Updated: Sep 1
Breakthrough Infections are Not So Uncommon
As we understood it, COVID affects everyone differently. How else can you explain why some people can contract it, and it barely even registers? Some people contract it and days later are dead. The pandemic hit especially hard at home as recently as September of 2021. The news and government touted the promise of a “normal” summer, provided people got vaccinated. To think “normal” was even something one could advertise seems quite laughable regarding a pandemic.
We felt pretty safe spending time with my wife’s parents in August. They live in Michigan’s Upper Peninsula, which I must say is nothing short of spectacular in the Summer months. Not too hot and not too cold! We had all been vaccinated and were all infused with a false sense of security. My mother-in-law had an excursion planned to visit Manistee in the lower part of Michigan (More on this in a later post). From there, they would see a tractor show and then end the weekend traversing the water on a chartered ship. They had quite a few things planned for a short time, but they were excited to do something “different.”
At the chartered boat excursion, my Mother-In-Law started to feel a little under the weather. As migraines were a common occurrence, she chalked up her headaches to another one of these annoyances. It wasn’t until later in the week that she realized medicine wasn’t remediating the pain. By this time, she was exhibiting additional symptoms such as breathing issues with coughing and congestion. Five days into her situation, she finally listened to her husband’s advice and visited the local hospital. Upon admittance, it was revealed her blood/oxygen level was in the low 60’s. It is important to note; this level is well below the average number of 95% or above. It was immediately apparent by the medical staff; this was the place she needed to be.
I give the medical staff all of the credit in the world. The hospital followed the typical protocol and administered Remdesivir, an antiviral treatment that promoted positive recovery in many patients. It had little, if any, positive effects on this particular patient. A few days turned into several. In the early days of her admittance, my wife and kids could FaceTime with her as she was still in pretty high spirits, but they started to see her decline. At her prodding, she mandated all future calls would be by phone only, as she did not want to be viewed in this “condition.” The rest became a blur. We eventually heard the news we did not want to hear; she would need assistance bringing up her oxygen levels. To do this, they would have to introduce the ventilator.
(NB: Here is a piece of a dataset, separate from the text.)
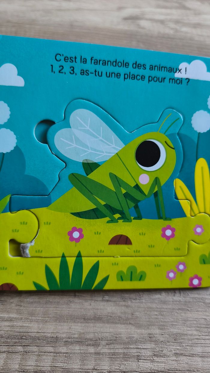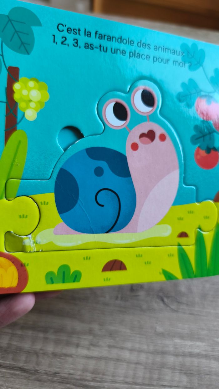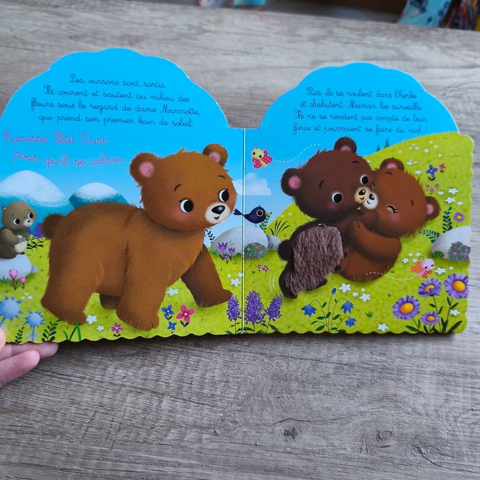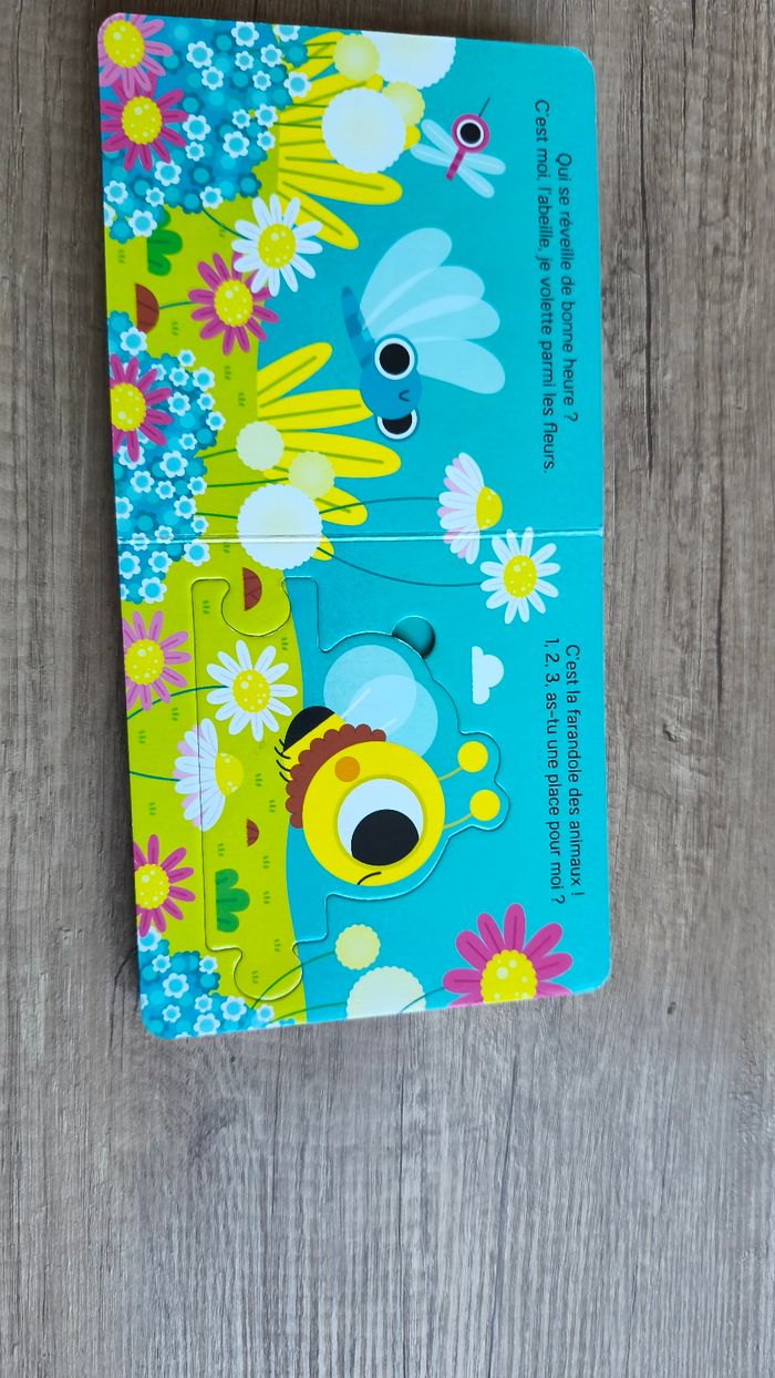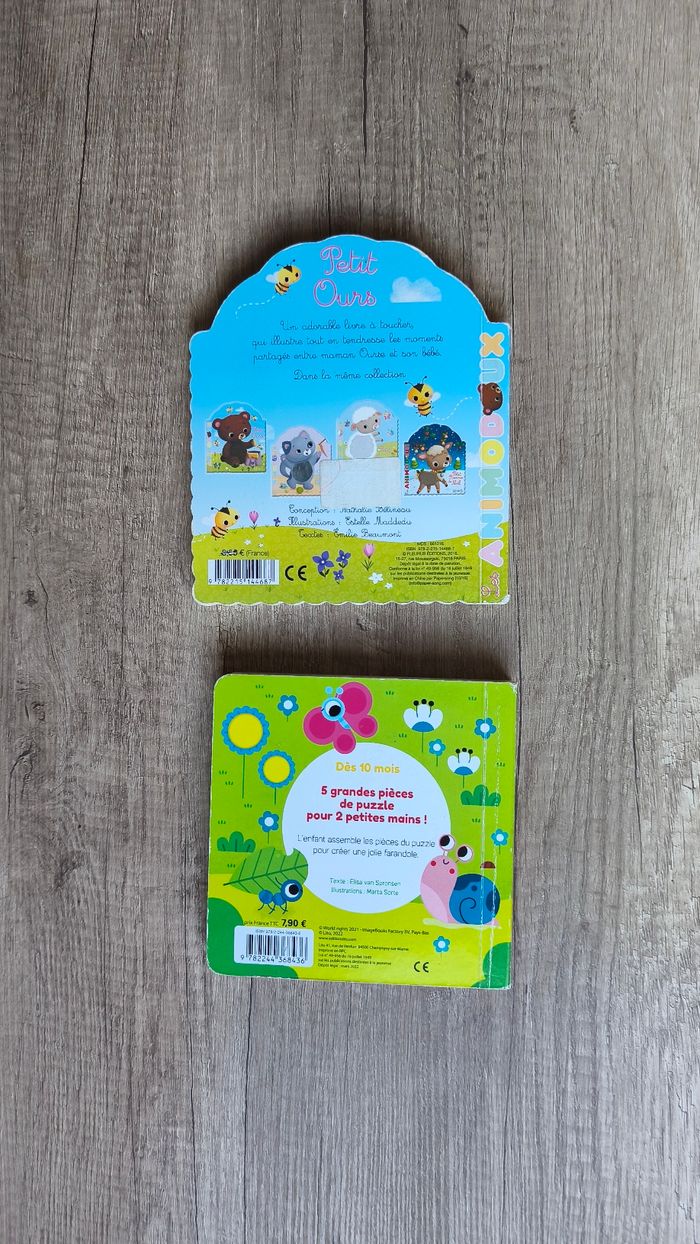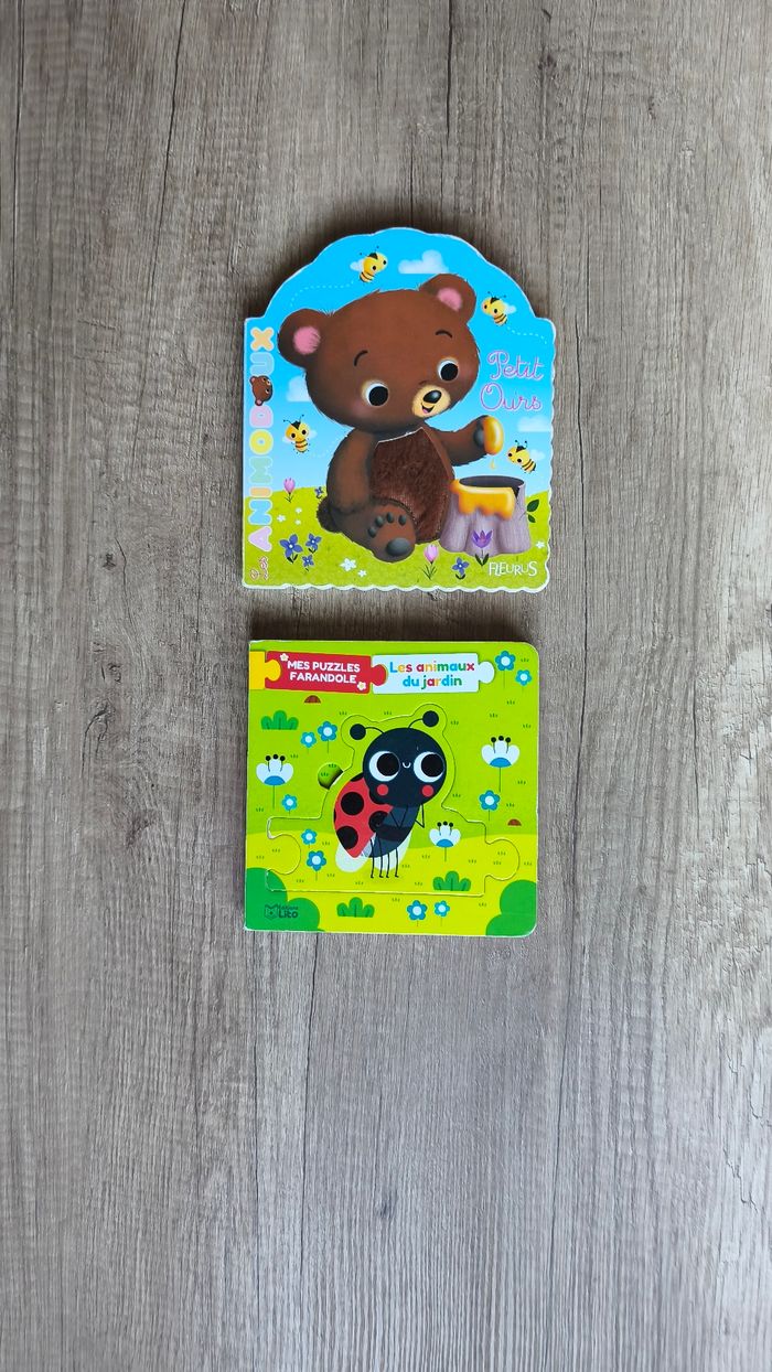 Livre puzzle les animaux du jardin. Des 10 mois 5 animaux En bon état car a 2 pièces d'abimés (cf photo) Livre petit ours: livre à toucher (poils du petit ours). Une histoire toute mignonne entre maman ours et son bebe. En très bon état mais les rebords du livre commencent a s'abîmer

As we had often heard, once you were on a ventilator, things were not going well.
The following days brought about terrible news, littered with small amounts of positivity. It was advised the patient would be transferred to another hospital that could provide more hands-on three hours away. This presented a hindrance to those who wanted to visit, but her health was our number one concern. In retrospect, there wasn’t much the larger hospital could do or did differently. They would be prepared if additional complications had presented themselves. Where the improvement was immediately seen, with the larger hospital came a more extensive staff. The staff was nothing short of amazing with their hand-holding through the entire process. My wife had a twice-daily standing phone call with them. They alerted her to the progress and were very upfront with the possible results. The hospital visitor policy allowed one visitor a day for 15 minutes. It was not ideal, but it allowed my wife, her dad, and their extended family time to visit in person. It was an 8-hour drive for my wife to traverse weekly, but we made it work.
My mother-in-law went in on a Sunday, and three weeks later, she passed. The hospital staff tried for three days to bring her sedation levels down to see what progress had been made. It is my belief she had left this world some time prior as there was no activity whatsoever. It was explained to us that small clots are a concern, and it was very apparent she was never going to recover. Both my wife and her dad were allowed to be in the room during this difficult time. The hard decision of removing her from the ventilator was made, and she slowly stopped breathing. My wife was touched by the show of support by the staff, as everyone involved in the care dropped everything to be on-site during this process. Knowing everything they have to deal with daily, it was an incredible gesture on their part and something that did not go unnoticed.
The hardest part of the entire situation was the healthiness and strength of this lady. Her “breakthrough case,” as this had come to be called, was the worst extreme. It was a rare happening to those who are vaccinated, but as I have come to find out, not as rare as one might think. To see someone so full of life succumb to COVID was surreal. My 70-year-old father-in-law was tested, and he had COVID as well. His worst symptoms lasted all of 16 hours, and he chalked up his worst day to a bad cold. His 68-year-old wife, the healthiest of the two, developed the worst amount of symptoms and died. The vaccine had done its part in one case and possibly delayed the inevitable in the other.